**ASSIGNED TASK**
Begin the copy at the line containing "免費附贈的味噌湯,裡面還有蝦頭、魚肉、蛤蜊,好喝?續湯免費 …" in the data below and end it at the line containing "Table 6.2 Enzyme", keeping each line exact and leaving out pictures.

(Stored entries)
►
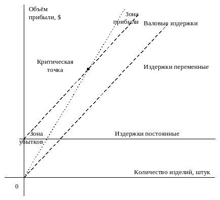 С помощью этого графика можно найти так называемую точку безубыточности, то есть тот объем производства, при котором кривая, показывающая изменение выручки от реализации (при заданном уровне цен), пересечется с кривой, показывающей изменение себестоимости продукции. Допускается несколько вариантов такого графика, соответствующих разным уровням цен на продукцию.
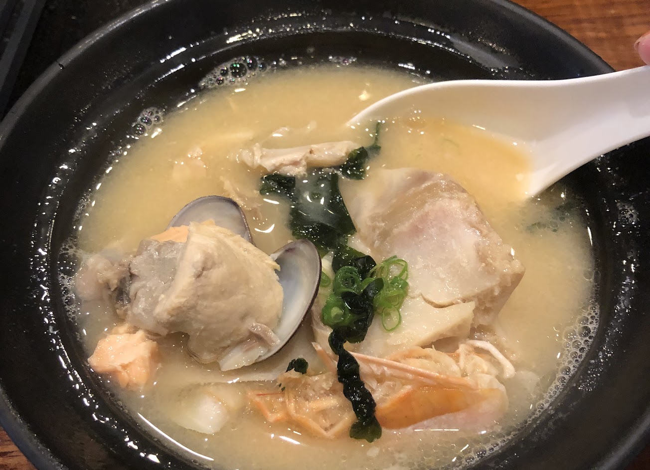 免費附贈的味噌湯,裡面還有蝦頭、魚肉、蛤蜊,好喝?續湯免費 …
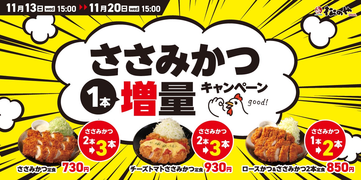 株式会社松屋フーズ(本社:東京都武蔵野市、代表取締役社長:瓦葺 一利)では、とんかつ専門店の「松のや」におきまして、2024年11月13日(水)午後3時より、「ささみかつ1本増量キャンペーン」を開催いたします。
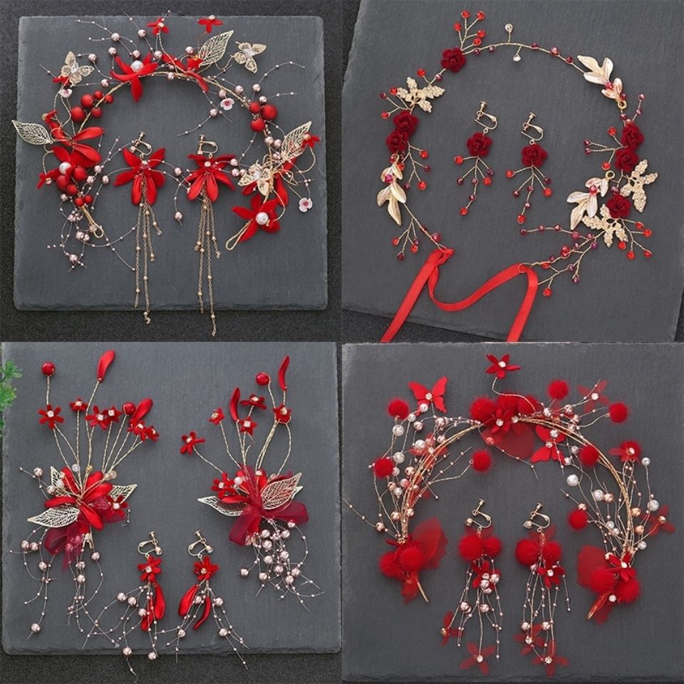 新娘头饰超仙红色敬酒服发箍结婚套装森女系发饰中式礼服配饰品
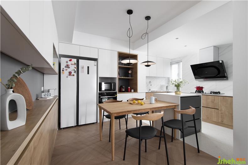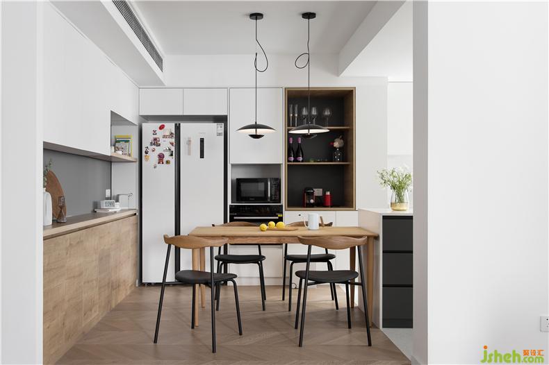 将餐厅与厨房的墙面打通,并将生活阳台进行了封窗,巧妙的将开放式厨房与西厨与餐厅融合在一起,还是那么舒适。悄悄的从屋主本人了解到除了客厅,餐厅也是最喜欢待的一块角落,经常给自己泡个茶静静的待着,或者放台笔记本,伴着键盘声、鼠标声认真的办公室内设计师
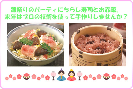 通信教育・日本料理技術講座では、お雛様にかかせない『ちらし寿司』や、
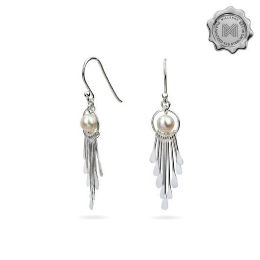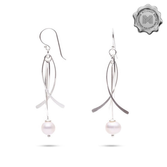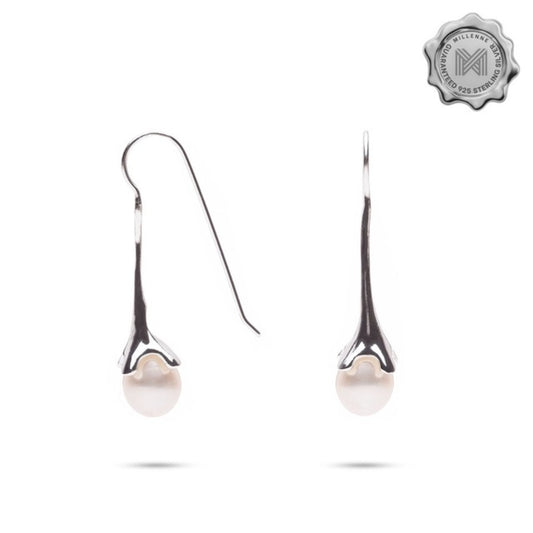 MILLENNE Millennia 2000 Freshwater Pearls Silver Hook Silver Dangle Earrings with 925 Sterling Silver
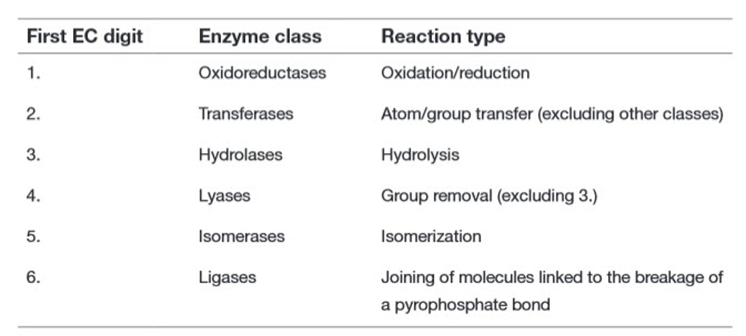 Table 6.2 Enzyme Classification: Main Classes of Enzymes in the EC System
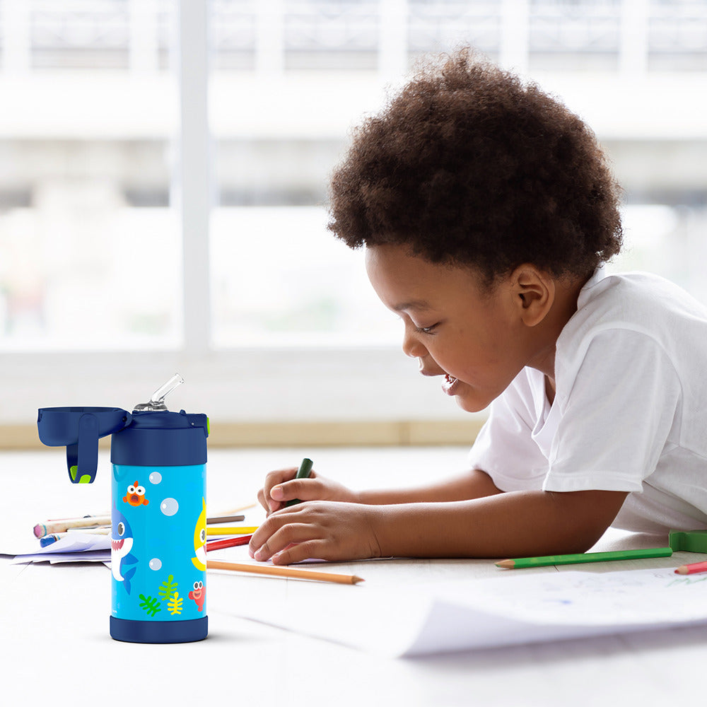 The FUNtainer® 12oz Vacuum Insulated Stainless Steel Water Bottle with Straw keeps drinks cold for up to 12 hours. The double wall stainless steel construction is built to handle drops. dings and assorted roughhousing. Includes an integrated carry handle with soft-touch grip. making it easy for kids to carry with them throughout the day. Help keep germs away with the hygienically covered silicone straw which is removable for easy cleaning. To clean. you can pop your FUNtainer water bottle in the dishwasher; however hand washing is recommended. Not for use with hot liquids. Label your FUNtainer bottle with adhesive name stickers that can be firmly adhered to any FUNtainer product. Two peel and stick labels are included inside this FUNtainer product. Fun for the kids. and easy for the parents. Just write. peel and stick!
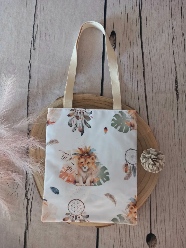 Tote bag enfant lion boho / vert clair
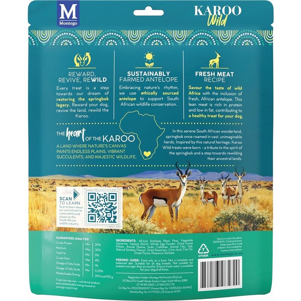 Karoo Wild hundgodis är gjort av antilopkött från Afrika. Ett godis som har ett lågt fettinnehåll och ett högt proteininnehåll samt en karakteristisk viltsmak, som är oemotståndlig för hundar.
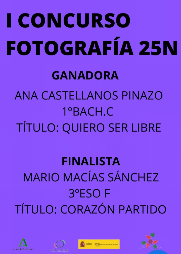 Resolución: A continuación, adjuntamos el cartel y las fotos del alumnado ganador y finalista de la primera edición del Concurso de fotografía 25-N. Enhorabuena!! Para más informaciónsobre los preparativos para conmemorar el 25 -N, siempre os remitimos a nuestro blog de Igualdad. Pinchar aquí Buscador Buscar: Categorías Blog Departamento de Servicios Planes y proyectos [...]
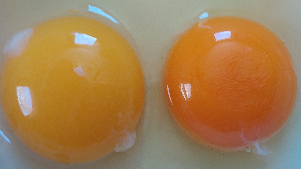 Given my history, I’ll never own chickens. But I eat chicken. And I eat eggs. I especially like farm fresh eggs from free-range chickens. The dark orangish-yellow yolk hue, the taste, are superior to mass-produced eggs.
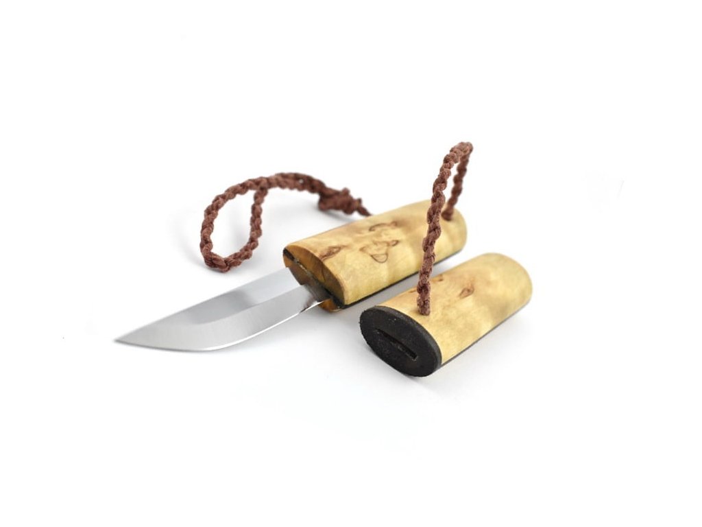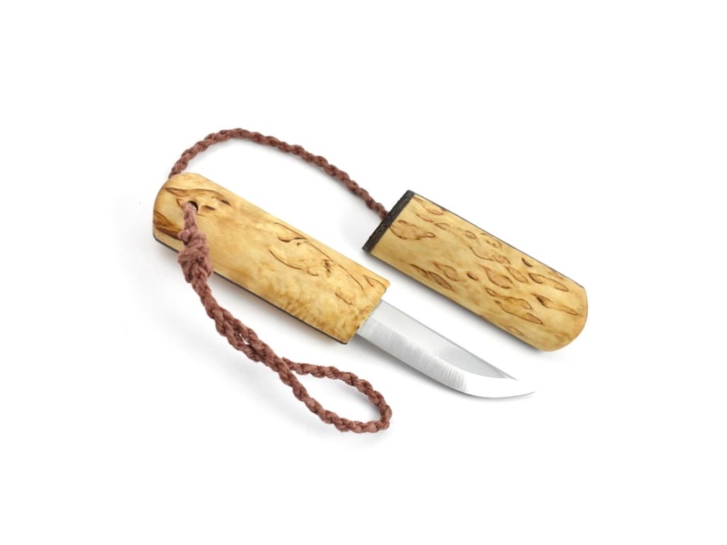Traditionelles kleines nordisches Messer (Puukko), geeignet für feines Schneiden, Holzschnitzen oder sogar für alltägliche kleine Arbeiten. Sowohl der Griff als auch die Scheide des Messers bestehen aus Maserbirkenholz. Klingenlänge 5,5 cm aus rostfreier Stahl.
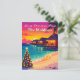 Send warm Christmas wishes from paradise! This postcard features a glowing tropical sunset, overwater bungalows, and a festive beach Christmas tree — the perfect tropical twist on the holidays.
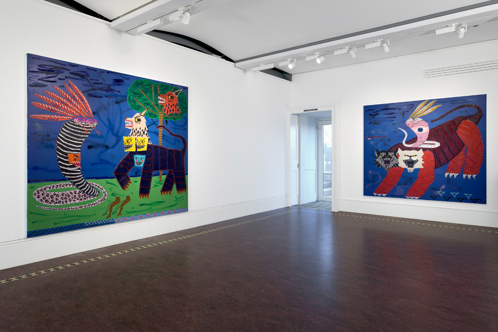 Kerwick’s brazen, colour saturated paintings transport you to a dream world of mythology, folk law and misadventure. The artist explores his own domestic family frivolity through the lens of alternative bodies or forms. Snakes, bears, wolves and tigers are juxtaposed with his favourite books, still life flowers, trees, and domestic arrangements within almost fairy-tale narratives. His two sons Sony and Milo for example are often represented as double headed beasts.
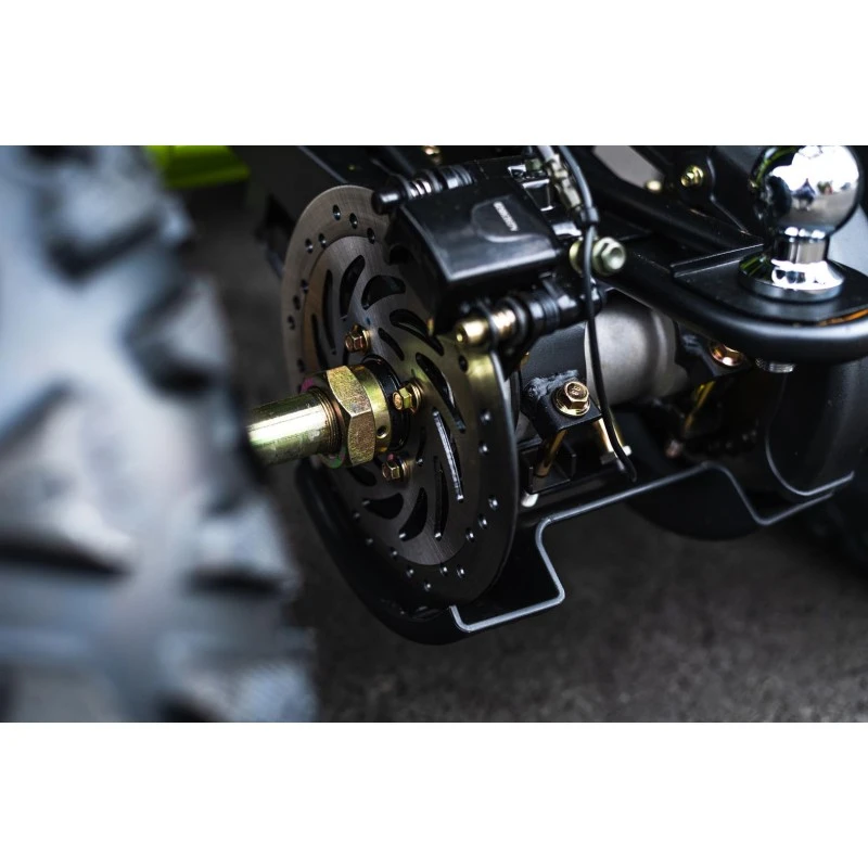 Benzínová čtyřkolka Leramotors By APOLLO RFZ 250 je konstruována tak, aby odolala i náročným podmínkám. Její robustní odpružení zahrnuje centrální tlumič vzadu, který zajišťuje stabilní jízdu i v hrbolatém terénu, zatímco hydraulické kotoučové brzdy na všech kolech poskytují spolehlivý brzdný účinek. Maximální rychlost čtyřkolky je až 60 km/h, což je ideální pro dobrodružnou jízdu, a palivová nádrž s kapacitou 6 litrů umožňuje dlouhé trasy bez častého doplňování.
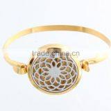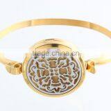 Fashion Round Gold And Silver Lotus Flower Aromatherapy Essential Oils Diffuser Locket Bangle Bracelet
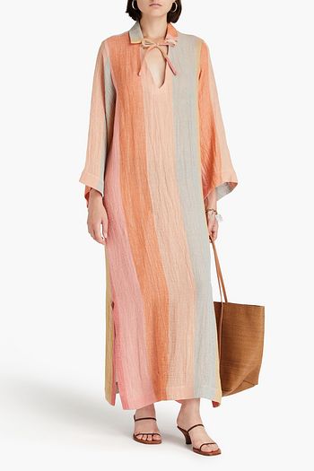 Striped linen-blend gauze kaftan
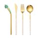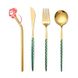 Set di posate natalizie in acciaio inossidabile - 4 pezzi, posate color oro/verde con cannuccia (design moderno e minimalista, lucidate a specchio)
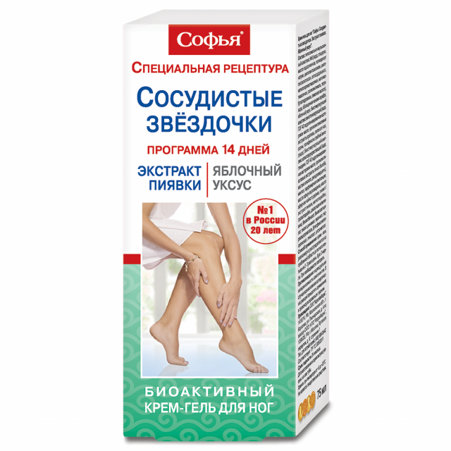 Софья сосудистые звездочки крем-гель для ног экстракт пиявки/яблочный уксус - специальное средство для устранения косметических проявлений в виде "звездочек" и "сеточек".
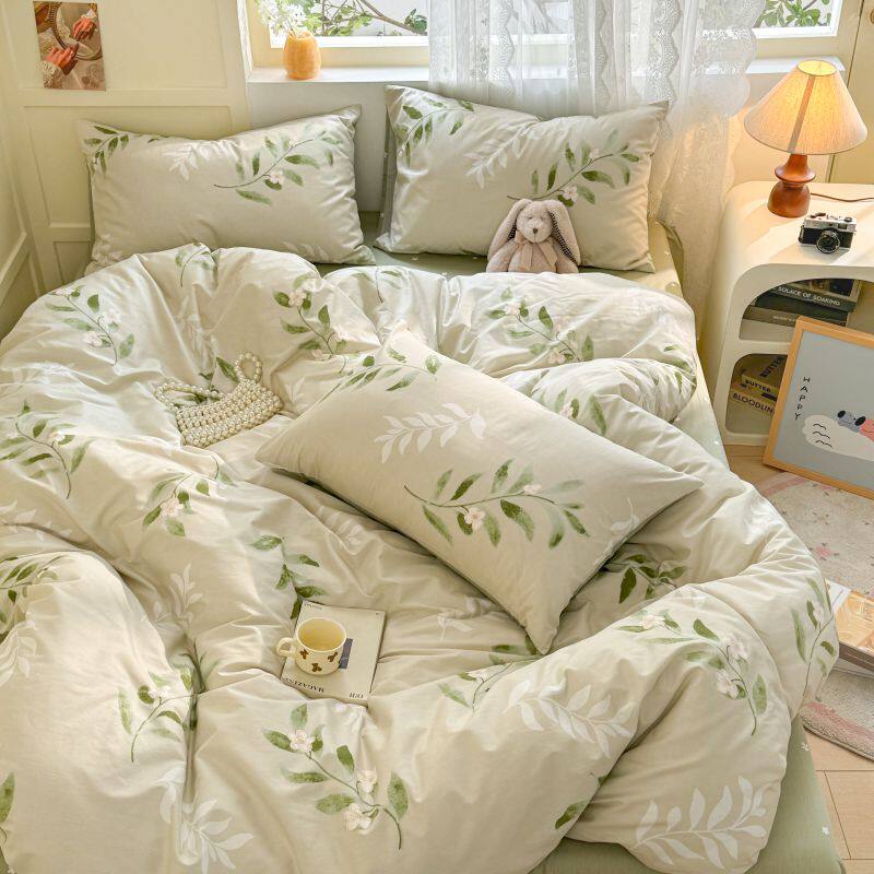 清新森系纯棉床上四件套全棉田园春夏床品绿色被套床单三件套床笠
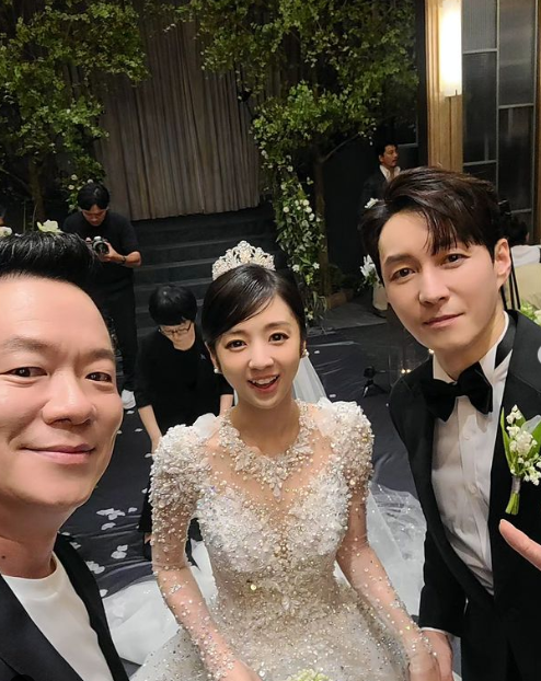 덧붙인 사진에는 지난 20일 열린 심형탁과 그의 18세 연하 일본인 히라이 사야의 한국 결혼식 사진이 담겼다. 김태균은 웨딩드레스와 턱시도를 입은 부부와 함께 사진을 남겼다.
◄
**RESULT OF THIS EXERCISE**
 免費附贈的味噌湯,裡面還有蝦頭、魚肉、蛤蜊,好喝?續湯免費 …
 株式会社松屋フーズ(本社:東京都武蔵野市、代表取締役社長:瓦葺 一利)では、とんかつ専門店の「松のや」におきまして、2024年11月13日(水)午後3時より、「ささみかつ1本増量キャンペーン」を開催いたします。
 新娘头饰超仙红色敬酒服发箍结婚套装森女系发饰中式礼服配饰品
 将餐厅与厨房的墙面打通,并将生活阳台进行了封窗,巧妙的将开放式厨房与西厨与餐厅融合在一起,还是那么舒适。悄悄的从屋主本人了解到除了客厅,餐厅也是最喜欢待的一块角落,经常给自己泡个茶静静的待着,或者放台笔记本,伴着键盘声、鼠标声认真的办公室内设计师
 通信教育・日本料理技術講座では、お雛様にかかせない『ちらし寿司』や、
 MILLENNE Millennia 2000 Freshwater Pearls Silver Hook Silver Dangle Earrings with 925 Sterling Silver
 Table 6.2 Enzyme Classification: Main Classes of Enzymes in the EC System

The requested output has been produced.